Visual estimation is an excellent starting point, but mathematics demands precision. We need to quantify what our eyes are seeing.
Correlation measures the strength and direction of a relationship between two quantitative variables. To measure a specifically linear relationship, we rely on a single, powerful metric: r.
The correlation coefficient measures the strength and direction of a linear relationship between two quantitative variables.
The mathematics of r are elegantly constrained: the correlation coefficient is always a value between negative one and positive one inclusive (−1≤r≤1).
The value of r tells us a precise story about the scatterplot:
- A correlation coefficient of exactly positive one indicates a perfect positive linear relationship. Every single data point falls perfectly on an upward-sloping straight line.
- A correlation coefficient of exactly negative one indicates a perfect negative linear relationship. Every point falls perfectly on a downward-sloping straight line.

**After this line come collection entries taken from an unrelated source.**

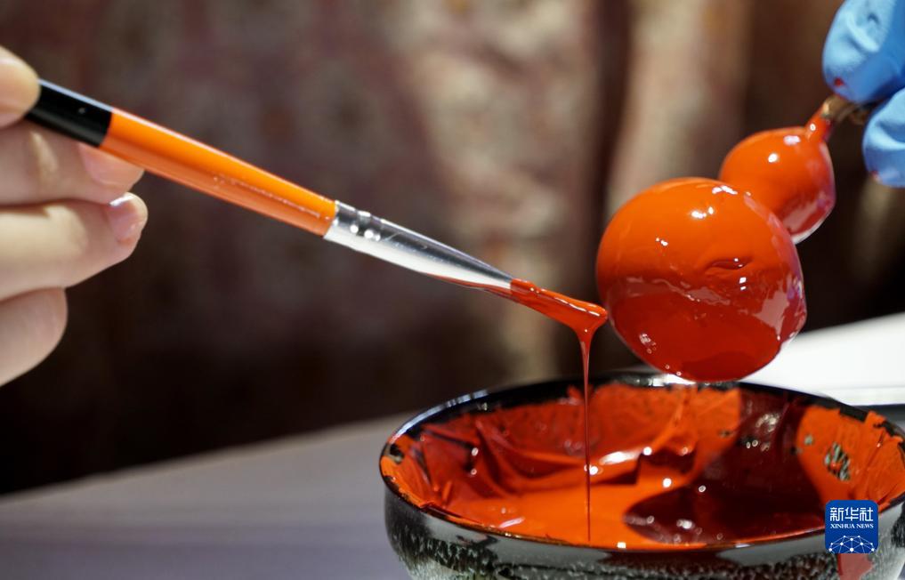海燕在為葫蘆髹漆準備制作雕漆文創產品(9月8日攝)。
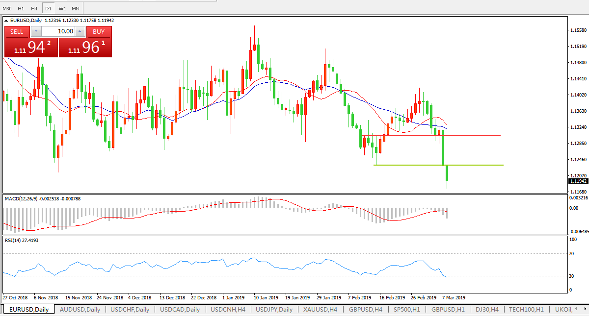 基本面分析:欧洲央行行长德拉基宣布下调经济预测,同时推出新一轮刺激措施以促进经济增长。这是欧洲央行启动量化宽松以来下调预测幅度最大的一次。德拉吉预计今年欧元区经济增长1.1%,比三个月前的预测下调0.6个百分点。他表示,通过实施向银行提供新的贷款、承诺将利率保持在纪录低点更长时间等一揽子方案,央行有意扩大现有的刺激举措。欧元兑美元跌至1.11765美元,为2017年中以来最低。欧元兑美元创下自2018614日以来的最大单日跌幅,当时欧洲央行将加息指引推迟到2019年夏季。分析师称,未来几周欧元兑美元面临跌至1.10的风险。
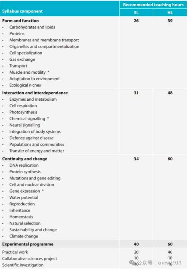 - HL课程的细胞超微结构和膜转运、蛋白质、基因改造和生物技术、碳循环、自然选择、细胞呼吸、减数分裂、消解、吸收和气体交换、光合作用等内容。
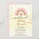 Unique virtual girl baby shower invitation featuring a rainbow, stars, and clouds.
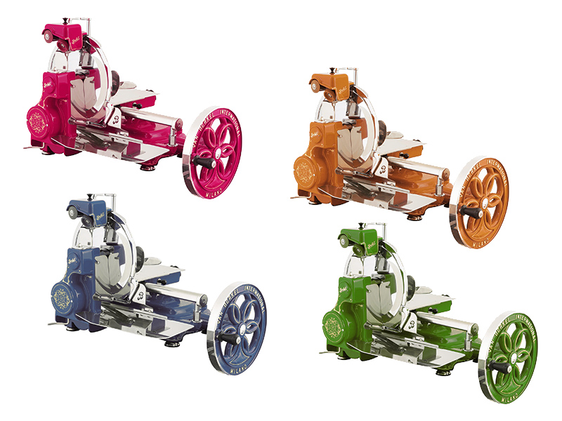 Machen Sie Ihre Schwungrad-Aufschnittmaschine zu einem echten Unikat! Wählen Sie Ihre Lieblings-RAL-Farbe, verzichten Sie auf Verzierungen für einen minimalistischen Look oder verleihen Sie Ihrer Maschine mit einem Chrome Kit eine edle Hochglanz-Optik.
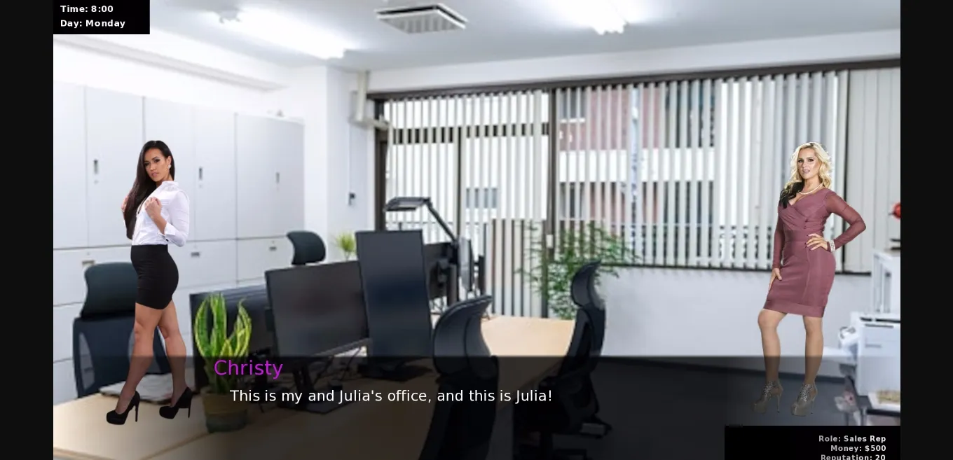 Become Boss is a sandbox/slightly story and quest based office sex & groping simulator game with RPG elements, built in RenPy… Wow that is quite a mouthful to say.
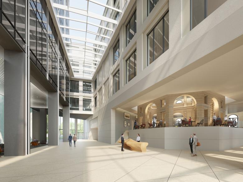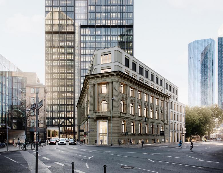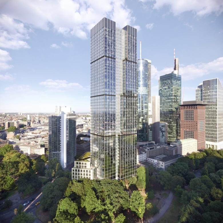 Das Credo unserer Entwurfsarbeit lautet: Ort, Kontext, Zeit und Nutzung einbeziehen. An der Mainzer Landstraße gab es bereits ein Neorenaissance-Bestandsgebäude, eine historische Rotunde - eine der wenigen erhaltene Kassenhallen eines Bankgebäudes aus dem Historismus -und viele moderne Hochhäuser. So entschieden wir uns bewusst für ein hybrides Ensemble. Anders als bei konventionellen Bürotürmen bildet unser Entwurf eine Triade aus Hochhaus, historischen Sockelbau mit Museum und öffentlicher Passage. Im Erdgeschoss entsteht eine durchlässige Eingangsebene zwischen Neuer Mainzer Straße und Wallanlagen als überdachter öffentlicher Raum. Über fünf Etagen erstrecken sich die öffentlich zugänglichen Nutzungen wie Restaurants, Café, Weinbar und Museum. Durch die publikumsintensive Verknüpfung von Büronutzung, Alltagsleben und Kultur erreichen wir, dass Stadtleben und Arbeitswelt ineinandergreifen.
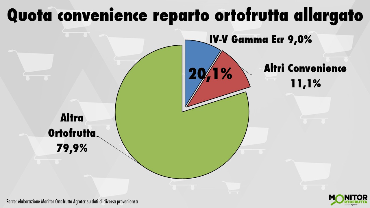 Nel panorama della Distribuzione moderna, i prodotti convenience in ortofrutta si confermano una delle leve più promettenti per la crescita del comparto in Gdo. Considerando il reparto frutta e verdura nella sua accezione più allargata, ovvero il perimetro fisico che oggi ormai comprende diverse categorie non previste dalla classificazione ecr, i prodotti convenience rappresentano oggi poco più del 20% delle vendite complessive, di cui meno della metà di questi composto dalla IV-V gamma (9%), entrambe quote limitate rispetto alle potenzialità dei prodotti ad alto livello di servizio rispetto all’evoluzione dei responsabili acquisti.
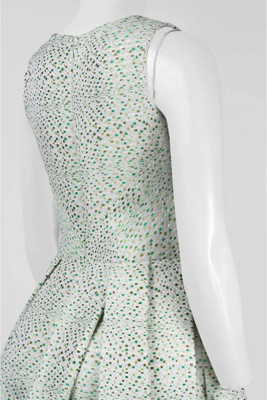 V-Neck Sleeveless Zipper Back Box Pleat Twill Dress. Lined. By Theia.
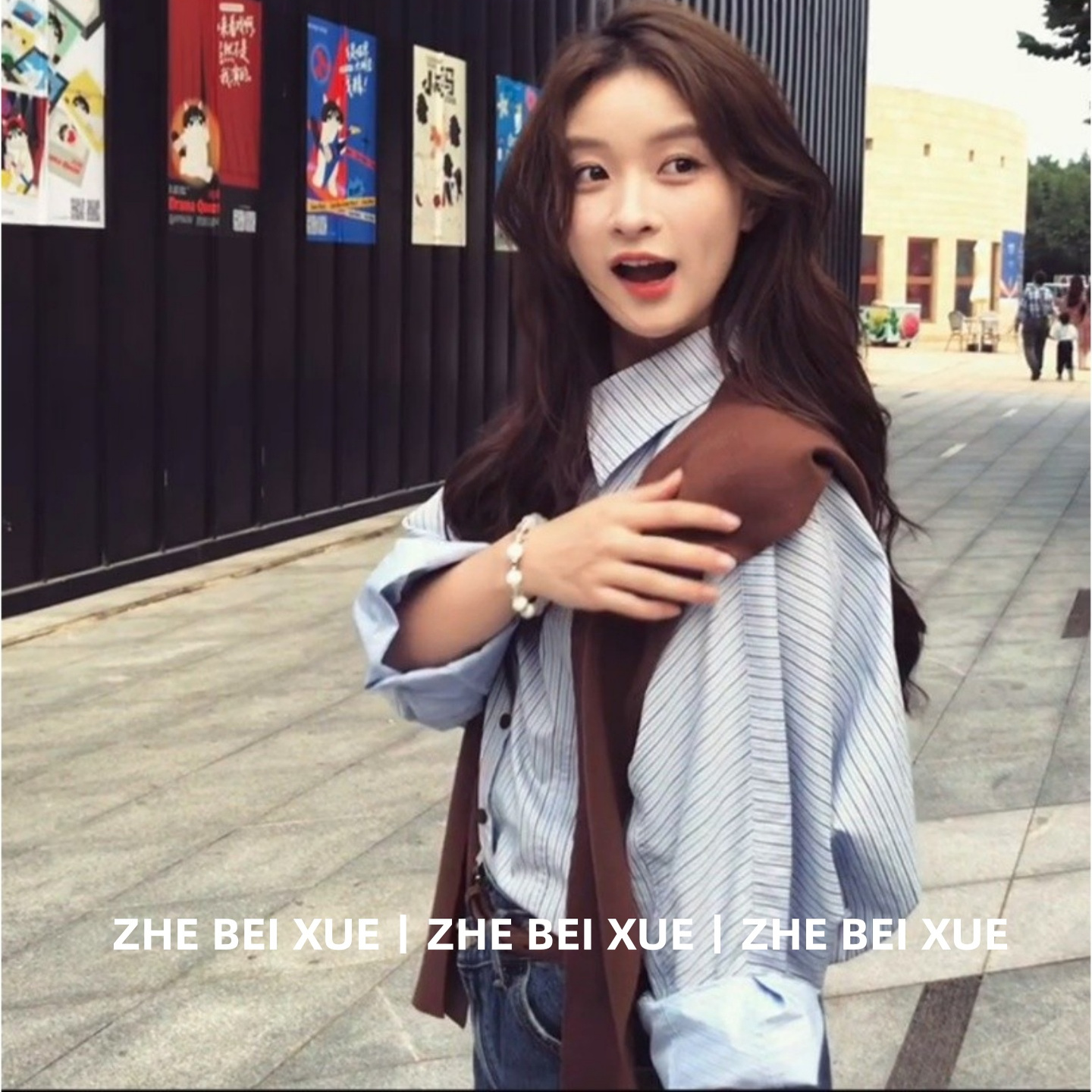 气质一整套ootd穿搭 百搭披肩高腰牛仔裤 套装 女松弛感蓝色条纹衬衫

- A correlation coefficient of zero indicates that there is no linear relationship between the two quantitative variables. The points appear entirely random with respect to a straight line (though a strong nonlinear relationship could still theoretically exist, r cannot detect it).
As r moves away from 0 and approaches either 1 or −1, the points hug the imaginary line of best fit more tightly.

The Ultimate Caveat: Causation
We reach the most vital principle of bivariate statistics—a principle you will repeat to your students until it is permanently etched into their minds.
A strong association between two variables in a scatterplot does not prove that one variable causes changes in the other.
We might find a correlation coefficient of r=0.95 between a city's ice cream sales (in $) and the number of swimming pool accidents. The association is overwhelmingly strong and positive. But closing ice cream shops will not save swimmers.
Causation indicates that an event or change in one variable directly produces a corresponding change in another variable. In our ice cream example, causation is entirely absent. Both variables are responding to an invisible third factor—the soaring summer temperature.

When we teach bivariate data, we are teaching students to be detectives. Whether they are calculating a conditional relative frequency in a two-way table or interpreting an r-value of −0.82 on a scatterplot, they are looking for evidence of relationships. But the math only provides the map; it is up to the critical thinker to correctly interpret the territory.